Records excerpted from a collection:
┄┄┄┄┄┄

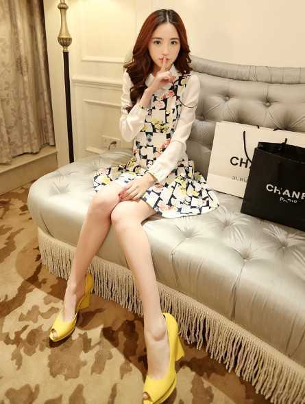 早春韩味十足的连衣裙,时尚个性的几何图案,增添几分时尚感,搭配亮眼的黄色高跟鞋,很显腿部白皙肤色,尽展出优雅淑女范儿。
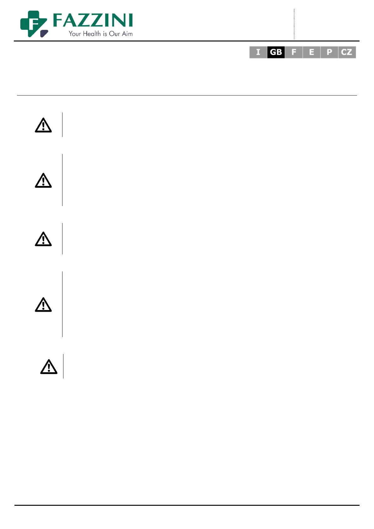 DO NOT DISASSEMBLE THE DEVICE. WHEN REPAIR IS NEEDED, PLEASE CONTACT FAZZINI S.R.L. CUSTOMER SERVICE.
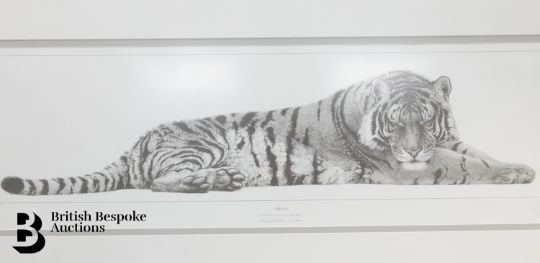 Gary Hodges limited edition print, nr 287/950. The print depicts a Siberian Tiger Supreme, approx 95 x 28 cms, mounted, framed and glazed.
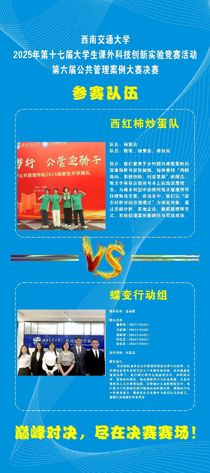 在复赛评选中,在导师回避、专业匹配的原则下,经过6名专家评审,两个分赛场组分别有一支参赛团队晋级第六届公共管理案例大赛决赛,现对决赛赛事安排如下:
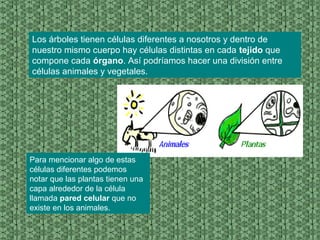 El documento describe las diferentes clasificaciones de células. Las células se pueden clasificar como células vegetales o animales, dependiendo de si tienen o no pared celular. También se pueden clasificar por tamaño, forma, cantidad de organelas y función. Otra clasificación es si son autótrofas u heterótrofas, dependiendo de si pueden fabricar su propio alimento a través de la fotosíntesis o si necesitan obtenerlo de otros organismos.
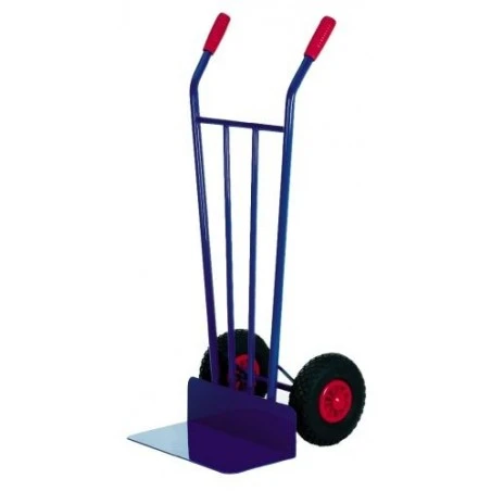 Carro para almacén, perfecto para el transporte de cargas, fabricado en tubo de acero muy resistente. Largo de la pala de 220. Ruedas neumáticas con llanta de plástico con cojinete liso. Capacidad de carga 200Kg.
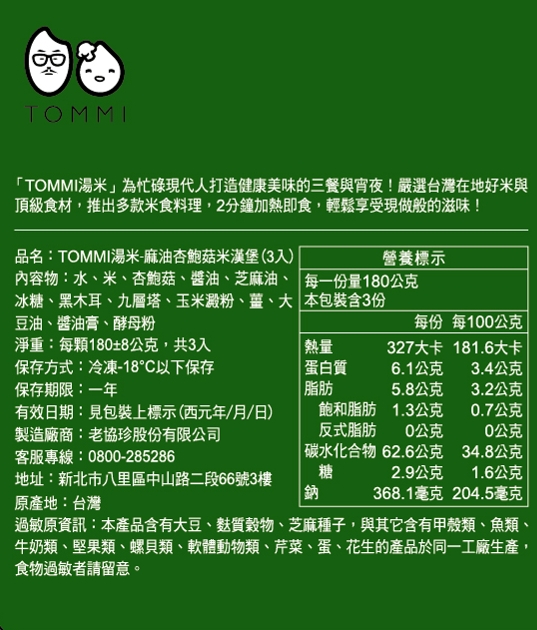 6.過敏原資訊本產品含大豆、麩質、榖物類,與其它含有魚、甲殼類(蝦類)、螺貝類、軟體動物類、堅果、蛋、牛奶、芹菜、芝麻種子的產品於同一工廠生產,食物過敏者請留意
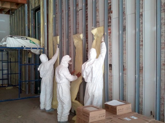 The completed work includes plumbing, insulation and vapor barriers in all of the first floor and preparation for the completion of the apartment.
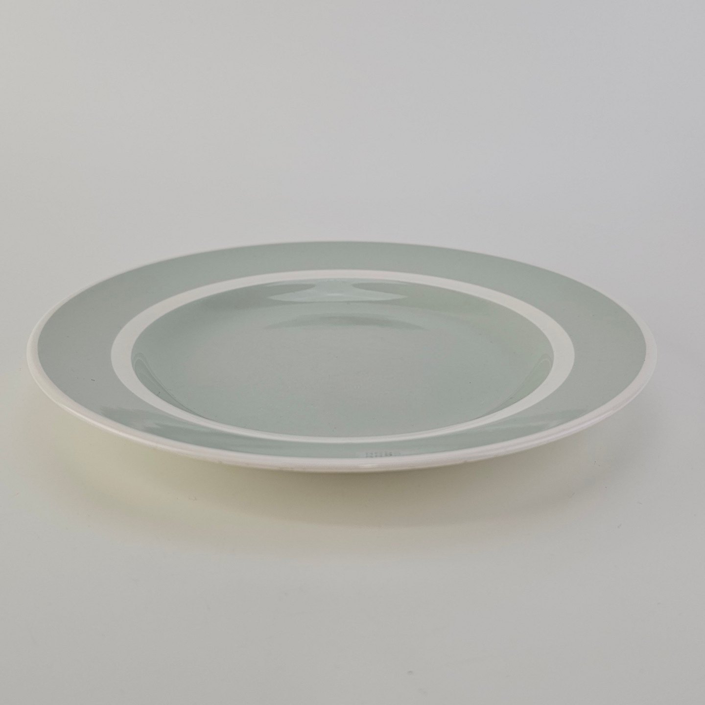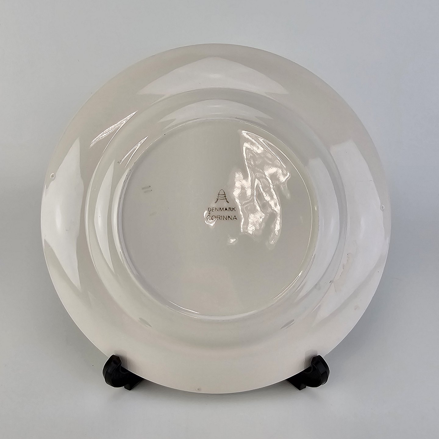 Flad tallerken i fajance fra stellet Corinna fremstillet i perioden 1937-1966Formgiver Nils Thorsson
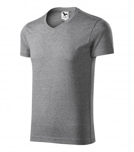 Tričko pánské Slim fit v-neck 146 - S-XXL, tmavě šedý melír
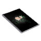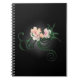 A notebook with an illustration of some delicate pink blossoming flowers with green swirlies and leaves on a black background with some glowing light gray shading around the flowers to accentuate and illuminate.
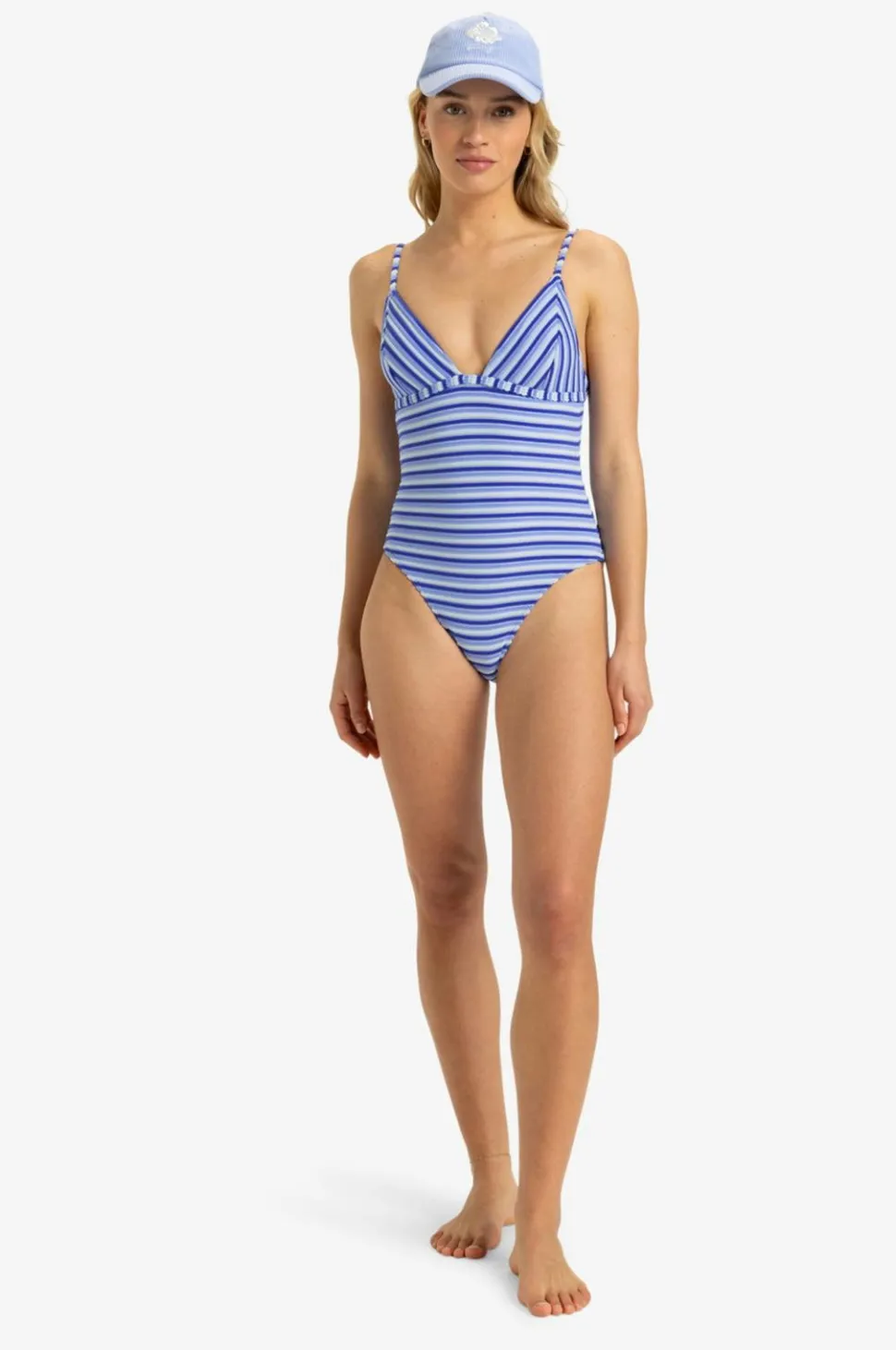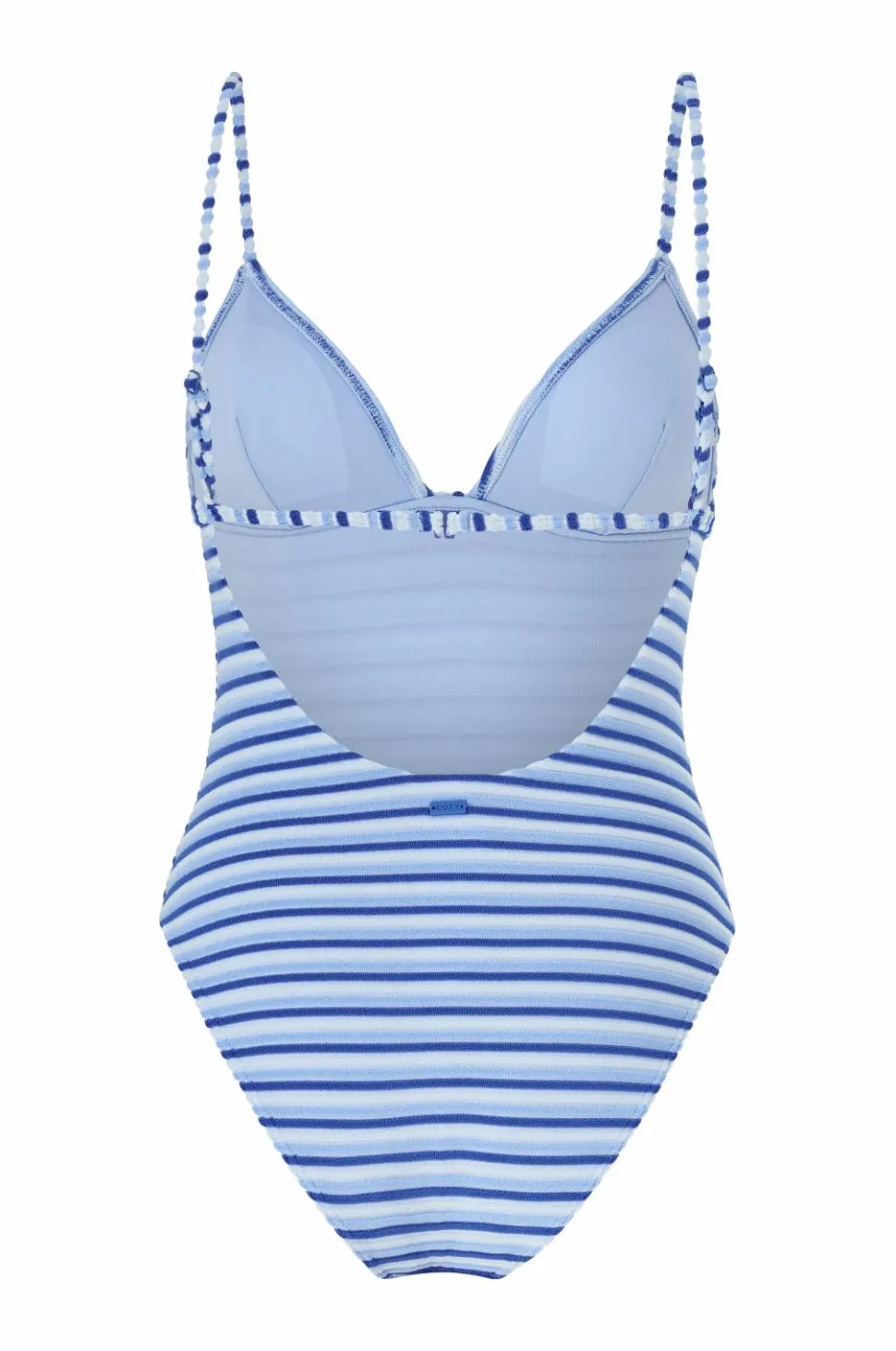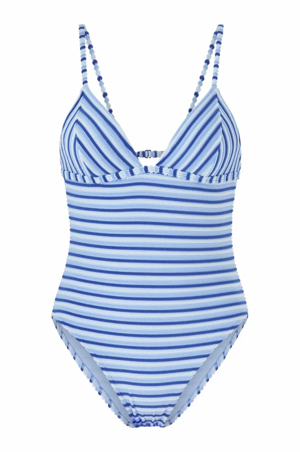 • Helt foret badedragt i polyester med struktur og stribede mønstre

┄┄┄┄┄┄

_Exercise prompt:_
All of the data, minus its pictures, should be repeated exactly.

_Exercise solution:_
 早春韩味十足的连衣裙,时尚个性的几何图案,增添几分时尚感,搭配亮眼的黄色高跟鞋,很显腿部白皙肤色,尽展出优雅淑女范儿。
 DO NOT DISASSEMBLE THE DEVICE. WHEN REPAIR IS NEEDED, PLEASE CONTACT FAZZINI S.R.L. CUSTOMER SERVICE.
 Gary Hodges limited edition print, nr 287/950. The print depicts a Siberian Tiger Supreme, approx 95 x 28 cms, mounted, framed and glazed.
 在复赛评选中,在导师回避、专业匹配的原则下,经过6名专家评审,两个分赛场组分别有一支参赛团队晋级第六届公共管理案例大赛决赛,现对决赛赛事安排如下:
 El documento describe las diferentes clasificaciones de células. Las células se pueden clasificar como células vegetales o animales, dependiendo de si tienen o no pared celular. También se pueden clasificar por tamaño, forma, cantidad de organelas y función. Otra clasificación es si son autótrofas u heterótrofas, dependiendo de si pueden fabricar su propio alimento a través de la fotosíntesis o si necesitan obtenerlo de otros organismos.
 Carro para almacén, perfecto para el transporte de cargas, fabricado en tubo de acero muy resistente. Largo de la pala de 220. Ruedas neumáticas con llanta de plástico con cojinete liso. Capacidad de carga 200Kg.
 6.過敏原資訊本產品含大豆、麩質、榖物類,與其它含有魚、甲殼類(蝦類)、螺貝類、軟體動物類、堅果、蛋、牛奶、芹菜、芝麻種子的產品於同一工廠生產,食物過敏者請留意
 The completed work includes plumbing, insulation and vapor barriers in all of the first floor and preparation for the completion of the apartment.
 Flad tallerken i fajance fra stellet Corinna fremstillet i perioden 1937-1966Formgiver Nils Thorsson
 Tričko pánské Slim fit v-neck 146 - S-XXL, tmavě šedý melír
 A notebook with an illustration of some delicate pink blossoming flowers with green swirlies and leaves on a black background with some glowing light gray shading around the flowers to accentuate and illuminate.
 • Helt foret badedragt i polyester med struktur og stribede mønstre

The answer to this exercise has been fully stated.